4Chan, c’était au mitan des années 2000 l’anti-Facebook, d’où le titre de ce documentaire instructif, qui se réfère évidemment au célèbre film de David Fincher, parle aussi d’une bande de geeks trublions, borderline dans leurs blagues, adeptes de l’humour subversif. Ces internautes ont profité de l’anonymat pour se livrer à toutes sortes de potacheries, via des imageboards.
C’étaient les premières années du World Wide Web et il est étrange de voir que le temps numérique compte deux fois plus que le temps traditionnellement mesuré par nos montres. Les anciens membres de la communauté virtuelle ne sont pas si vieux, mais leurs témoignages parfois nostalgiques semblent peser des siècles. Et puis, l’horizontalité foutraque des relations a fait émerger des figures, comme s’il était acquis qu’un certain nombre de rapports humains ne pouvaient se passer de leaders, qui ont tenté de reprendre le contrôle d’un réseau devenu ingérable, comme l’inventeur du site web, Christopher Poole, alias moot, accusé de censure par plusieurs internautes.
4Chan s’est surtout scindé en deux mouvements, complètement distincts dans leurs opinions : de l’anonymat est né Anonymous, collectif vindicatif popularisé par son identité visuelle (le masque du conspirateur Guy Fawkes) et des actions spectaculaires qui débutent par une attaque contre l’église de Scientologie, nommée Chanology, en 2008 ; bien loin des velléités environnementales, anti-autoritaires, avant-gardistes des "hacktivistes", un autre groupe s’est formé, bientôt agrégé sur un nouveau site 8chan, suprémaciste, viriliste, animé par une haine de l’égalité, à l’origine du Gamergate, une campagne de harcèlement à caractère sexiste menée contre des femmes journalistes ou programmeuses.

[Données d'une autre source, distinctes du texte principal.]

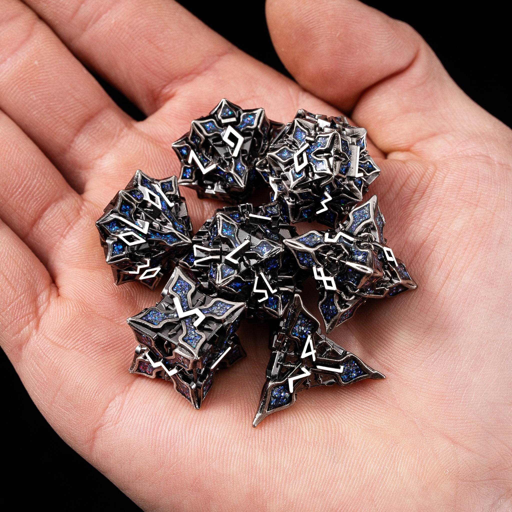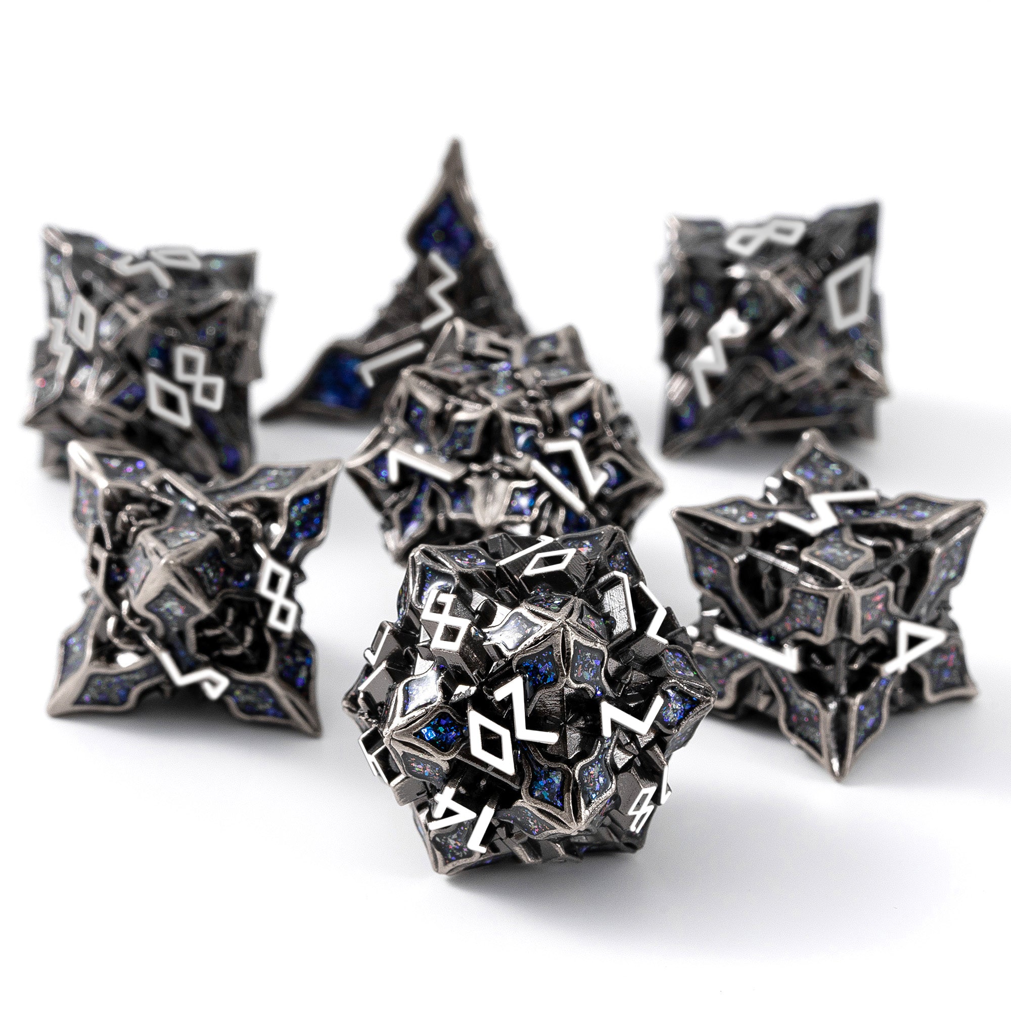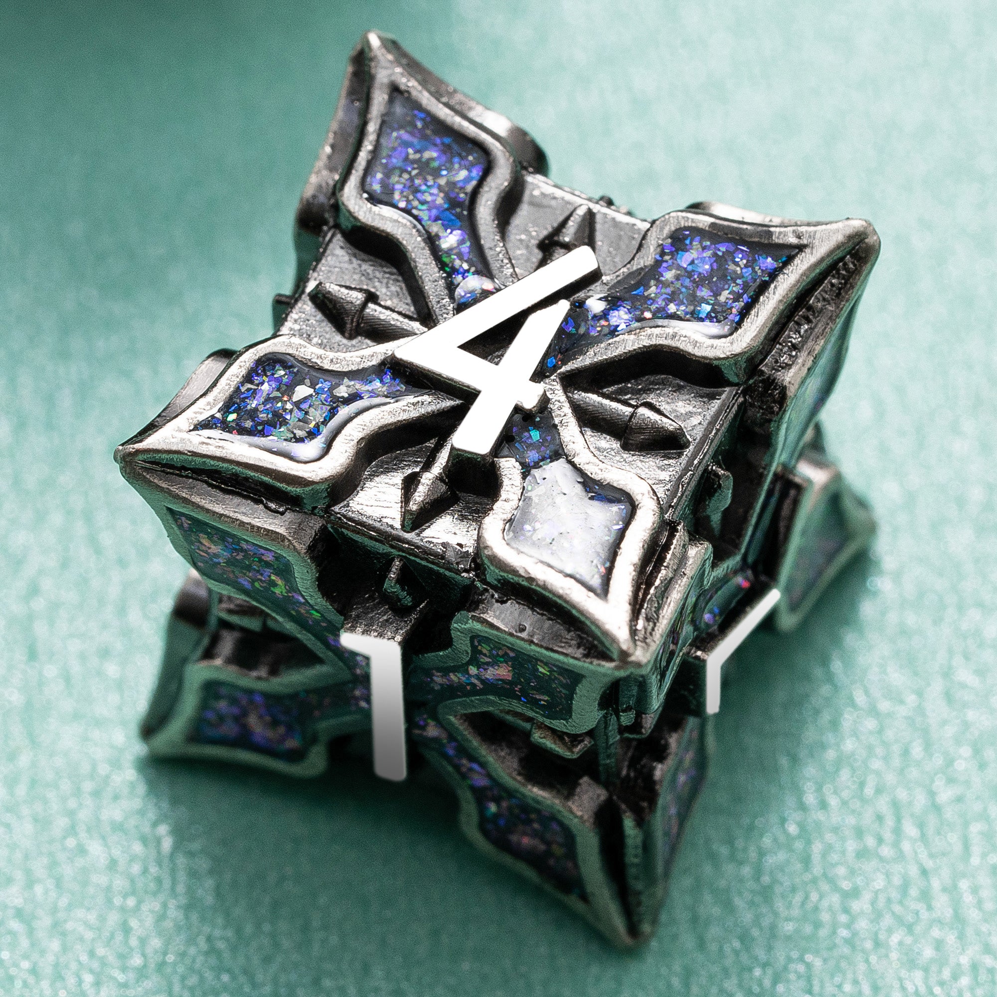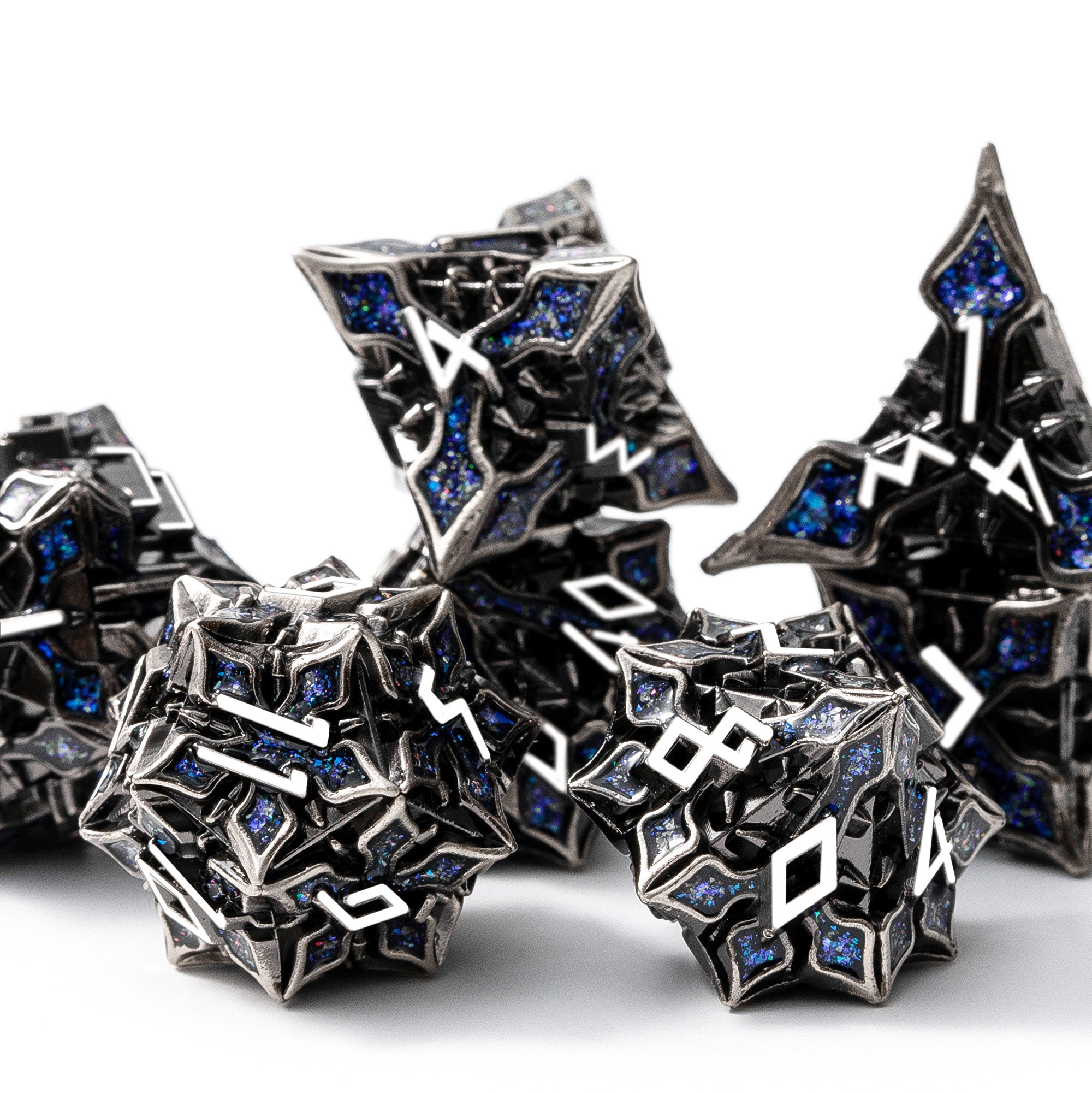 • Load image into Gallery viewer, Metal Dice for DND - Spire Sanctum Series - Beautiful Polyhedral 7 Piece Dice Set (Antique Silver Blue Glitter)
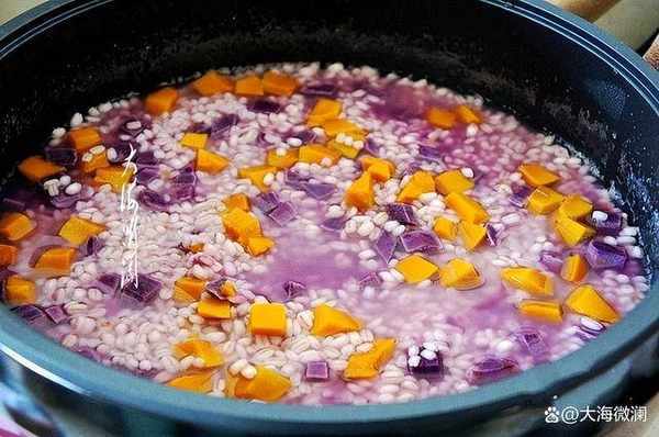 煎烤鍋加入適量的水,鍋水燒開水開加入青稞米,再次燒開溫度調至低溫,煮10分鐘左右,青稞米基本熟瞭加入紫薯和南瓜,繼續煮10分鐘。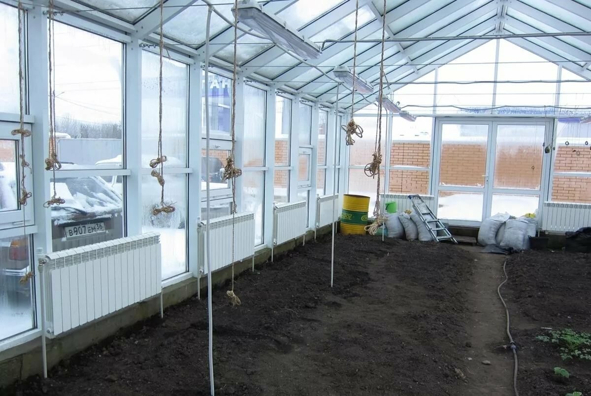 Для получения ранних весенних урожаев в теплице из поликарбонатарекомендуется оборудовать обогрев .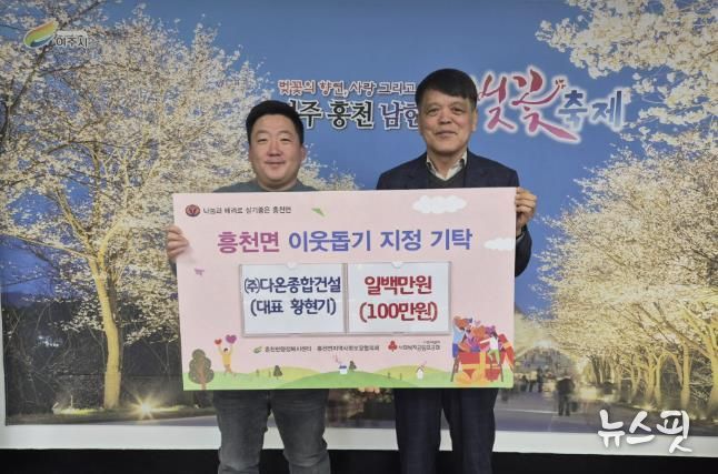 (뉴스핏 = 김호 기자) (주)다온종합건설은 2026년 1월 14일, 지역사회 나눔 실천의 일환으로 이웃돕기 성금을 흥천면행정복지센터에 기탁했다.
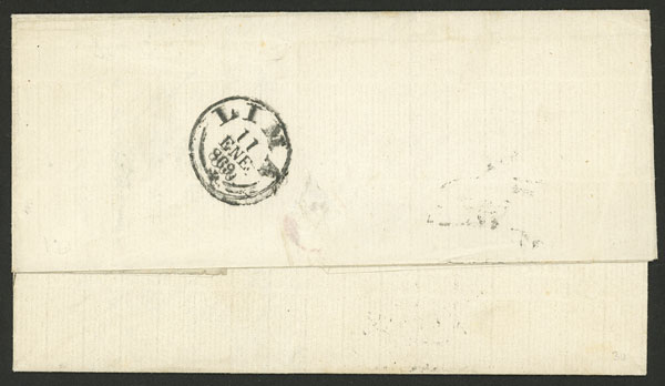 following day. Excellent quality, ex-Herbert Moll. The new postal rate for letters to Europe was 11c. (of which 1c. paid the transit across the Isthmus of Panama). This amount was expressed in Moneda de Plata, for which no stamps yet existed, and the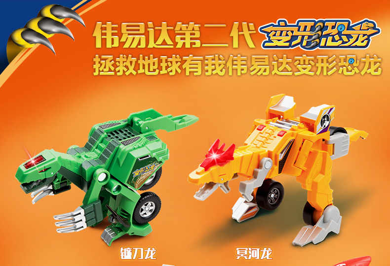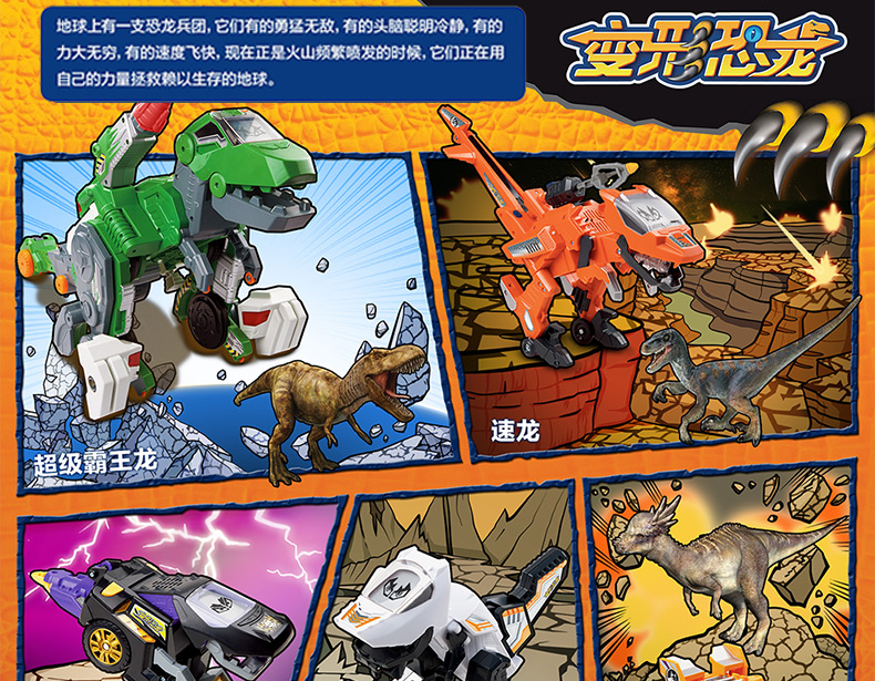 风靡全球的“变形”主题,为3岁以上孩子精心打造。能变形,会说话,能唱歌。每条恐龙都被赋予了各自的个性和能量,可变身各式威力战具,满足孩子强烈的好奇心,加强动作能力。多条恐龙在一起就是恐龙战队,发挥想象,培养团队合作精神,让孩子“玩转”侏罗纪。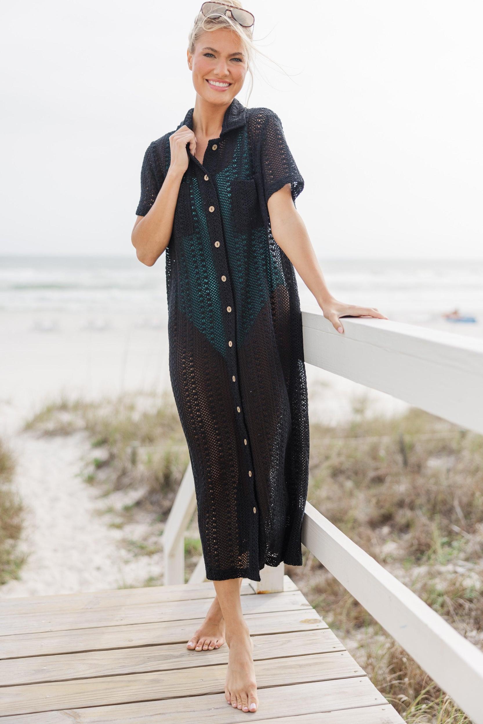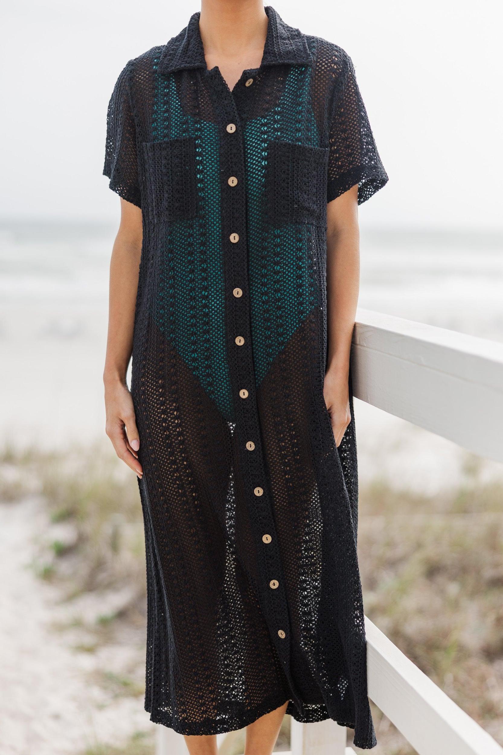 This sheer crochet cover up is just so chic! That button down fit is so chic and we love the length! This button down cover up is a summer dream come true! Collared neckline Button down front closure Short sleeves Crochet sheer fabric Fair stretch Baileigh is wearing the small.

C’est un tournant : une horde de radicaux se déchaîne, acquise à la cause de Donald Trump, cet individu que les médias ont pris pour une plaisanterie de mauvais goût, lorsqu’il a annoncé sa candidature à la présidentielle de 2016... jusqu’à ce que le puissant homme des médias accède à la Maison-Blanche. L’ improbable victoire du tycoon a été précédée d’une campagne agressive à laquelle ont participé les utilisateurs du site 8Chan, à coups de mèmes spectaculaires, comme un négatif des actions menées par Anonymous, mais avec des idées totalement antagonistes, n’hésitant pas à diffuser des propos totalement paranoïaques. De cette dérive émerge QAnon, cette mouvance d’extrême-droite, dont les intentions complotistes s’accommodent des mèmes empruntés aux premiers utilisateurs blagueurs de 4Chan, en les détournant, pour soutenir le président des USA qui, selon ces illuminés, se bat contre un réseau pédo-sataniste à grande échelle.
S’il fallait tirer une leçon de cette histoire, c’est que la confusion qui règne sur certains sites ou réseaux saturés de paroles et d’images finit par profiter aux trolls, ceux-là mêmes qui ont pris d’assaut le Capitole en janvier 2021, chacun s’inventant son propre fantasme né de la fréquentation compulsive de groupes conspirationnistes sur Internet et finissant par participer à une hystérie collective, complètement désorganisée, intrinsèquement grotesque, finalement pétrifiée par la dimension concrète, matérielle d’un lieu à investir. Le documentaire le montre très bien. Mais il ne dit pas assez que l’excitation engendrée par l’usage frénétique des réseaux sociaux ou des forums, qu’on sent chez tous les intervenants interrogés, serait en soi un sujet à explorer.